• **ASSIGNMENT**: Using the data below, transcribe exactly everything from the line that contains "Clicking on View link under" down to the line that contains "La veille, au". Include both of those lines and none of the pictures.
**** DATA
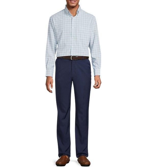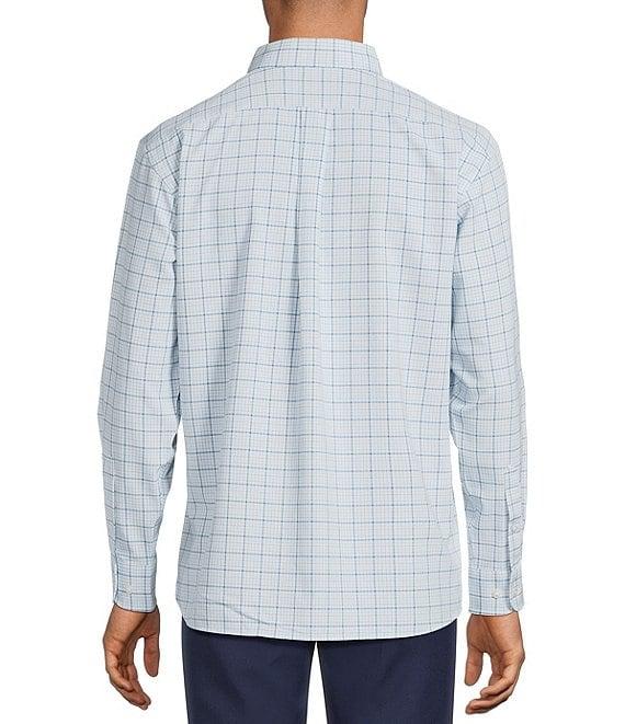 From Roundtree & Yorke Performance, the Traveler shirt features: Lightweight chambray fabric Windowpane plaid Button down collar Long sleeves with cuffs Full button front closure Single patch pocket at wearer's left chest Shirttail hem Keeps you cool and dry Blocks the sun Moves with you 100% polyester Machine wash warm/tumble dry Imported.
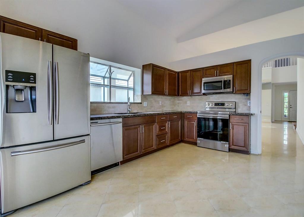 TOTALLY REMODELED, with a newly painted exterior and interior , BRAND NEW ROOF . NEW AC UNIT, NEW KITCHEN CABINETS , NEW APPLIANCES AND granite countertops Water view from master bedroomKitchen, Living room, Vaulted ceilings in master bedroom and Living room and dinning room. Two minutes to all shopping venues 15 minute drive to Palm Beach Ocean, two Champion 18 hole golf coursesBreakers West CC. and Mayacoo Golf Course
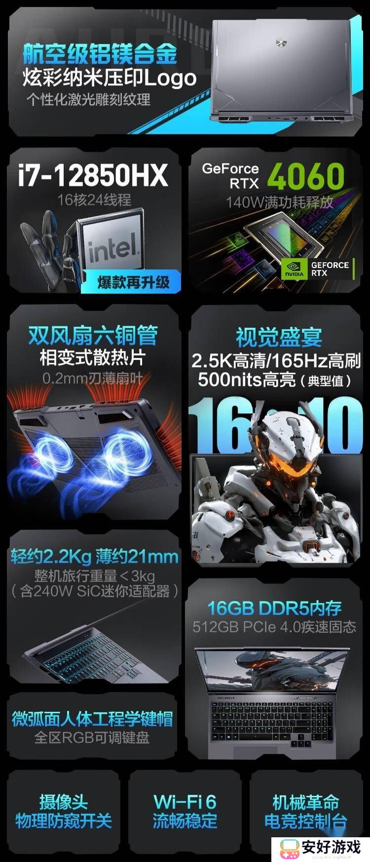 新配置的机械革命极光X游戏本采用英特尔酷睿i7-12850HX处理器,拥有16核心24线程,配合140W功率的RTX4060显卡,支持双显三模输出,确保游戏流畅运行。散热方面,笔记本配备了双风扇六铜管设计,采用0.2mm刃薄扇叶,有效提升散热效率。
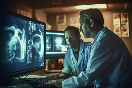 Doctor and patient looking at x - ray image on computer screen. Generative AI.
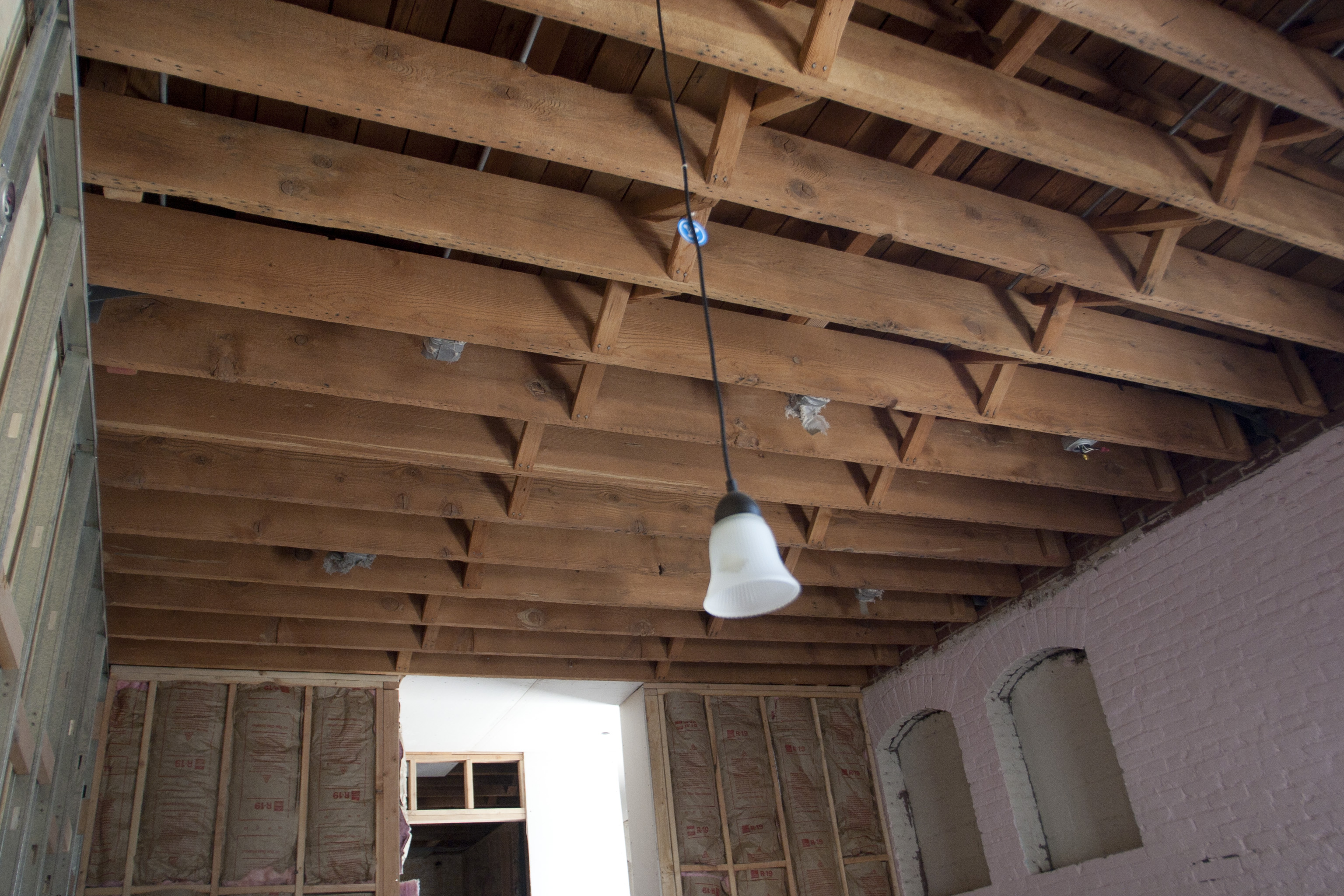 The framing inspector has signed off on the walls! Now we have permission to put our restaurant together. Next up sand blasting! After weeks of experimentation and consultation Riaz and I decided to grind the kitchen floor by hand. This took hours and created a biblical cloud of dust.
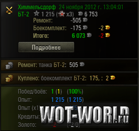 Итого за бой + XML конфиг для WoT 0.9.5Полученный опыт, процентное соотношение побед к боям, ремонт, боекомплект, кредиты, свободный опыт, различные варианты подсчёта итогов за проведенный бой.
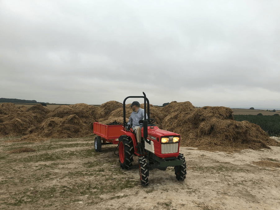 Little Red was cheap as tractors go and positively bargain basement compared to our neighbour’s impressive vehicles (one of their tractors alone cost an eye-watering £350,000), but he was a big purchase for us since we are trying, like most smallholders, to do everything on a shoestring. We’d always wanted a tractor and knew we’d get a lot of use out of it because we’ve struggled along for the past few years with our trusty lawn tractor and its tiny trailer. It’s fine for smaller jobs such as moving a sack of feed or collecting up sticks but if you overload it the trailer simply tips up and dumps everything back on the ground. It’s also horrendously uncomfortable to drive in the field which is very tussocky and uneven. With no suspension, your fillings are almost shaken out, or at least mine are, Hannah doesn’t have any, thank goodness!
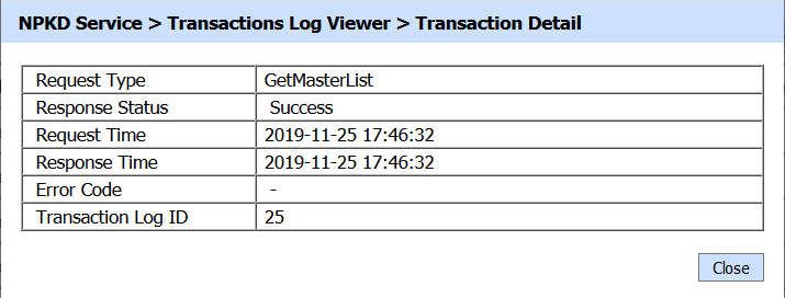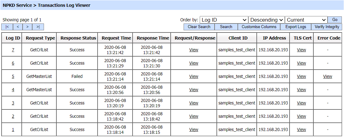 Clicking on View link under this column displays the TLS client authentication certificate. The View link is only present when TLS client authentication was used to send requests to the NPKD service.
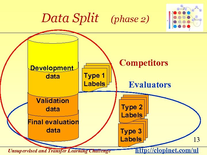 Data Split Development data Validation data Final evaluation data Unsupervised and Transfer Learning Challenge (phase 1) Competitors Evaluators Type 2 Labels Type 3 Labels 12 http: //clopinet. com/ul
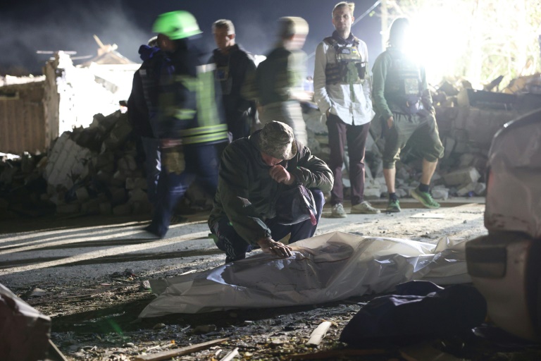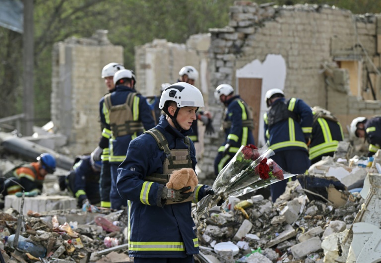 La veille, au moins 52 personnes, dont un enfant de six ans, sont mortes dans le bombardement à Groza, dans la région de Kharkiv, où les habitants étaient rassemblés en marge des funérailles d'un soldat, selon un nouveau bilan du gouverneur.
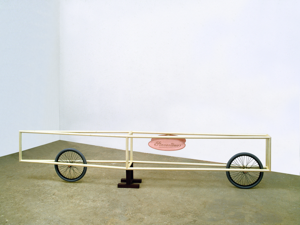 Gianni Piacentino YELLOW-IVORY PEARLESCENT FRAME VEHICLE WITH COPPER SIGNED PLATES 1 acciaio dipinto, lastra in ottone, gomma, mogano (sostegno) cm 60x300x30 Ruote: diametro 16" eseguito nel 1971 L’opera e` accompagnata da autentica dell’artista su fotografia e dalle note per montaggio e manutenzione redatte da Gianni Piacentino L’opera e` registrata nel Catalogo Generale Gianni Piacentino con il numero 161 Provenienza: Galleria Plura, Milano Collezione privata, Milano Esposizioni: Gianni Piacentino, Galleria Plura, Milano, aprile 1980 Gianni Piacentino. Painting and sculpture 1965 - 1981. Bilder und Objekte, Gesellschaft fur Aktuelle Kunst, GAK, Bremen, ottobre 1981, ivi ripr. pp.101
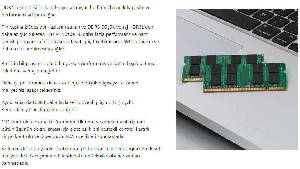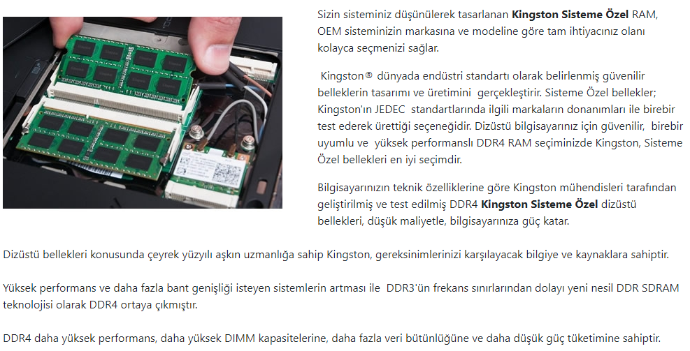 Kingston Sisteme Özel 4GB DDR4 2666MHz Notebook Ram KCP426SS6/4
********
• **EXERCISE RESPONSE**:
 Clicking on View link under this column displays the TLS client authentication certificate. The View link is only present when TLS client authentication was used to send requests to the NPKD service.
 Data Split Development data Validation data Final evaluation data Unsupervised and Transfer Learning Challenge (phase 1) Competitors Evaluators Type 2 Labels Type 3 Labels 12 http: //clopinet. com/ul
 La veille, au moins 52 personnes, dont un enfant de six ans, sont mortes dans le bombardement à Groza, dans la région de Kharkiv, où les habitants étaient rassemblés en marge des funérailles d'un soldat, selon un nouveau bilan du gouverneur.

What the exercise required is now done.